One of the series is twice the length of the other, so you might expect each value from the shorter series to be compared to two values from the longer series. This would be sensible if one represents someone speaking at half the speed that they did in the other data series.

However, if they didn’t do a simple slowing down, but slowed down in some places and sped up in other places, the best comparison might be more complicated, as shown in this diagram.

The most extreme is when all the values from series A are paired up with the first value of series B, and then the last value of A is paired up with all the values from series B i.e. the path of this match goes around the edge of the rectangle or matrix of comparisons.

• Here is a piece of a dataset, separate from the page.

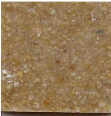
SURESHIELD INDUSTRIAL (8mm)

The charts above represent how DTW is calculated. If the series have lengths M and N, then there is an array of size M+1 x N+1. The value in cell (x,y) holds the total difference of the best alignment of series A up to its x^{th} value with series B up to its y^{th} value. So cell (M,N) is the comparison for the two series overall.

The simplest approach is to work through all possibilities, starting in the bottom left and aiming for the top right. In general, the comparison up to and including the pair (x,y) is the sum of:

- the difference between A[x] and B[y]
- the comparison following the best path up to (x,y)

There are three options for the last part, based on whether we are moving on from a previous pair to (x,y) by advancing through series A, series B, or both series. Or, in terms of the diagrams above, whether we are moving to a given cell by moving up, right, or diagonally up and right.

If A and B are small, it might be quick enough to simply compute all the chart, i.e. all possible pairings. However, as A and B get big, the number of pairings grows quickly. One approach to taming this is to set a limit on how far we are prepared to deviate from the diagonal line of the first diagram above towards the extreme case of the last diagram.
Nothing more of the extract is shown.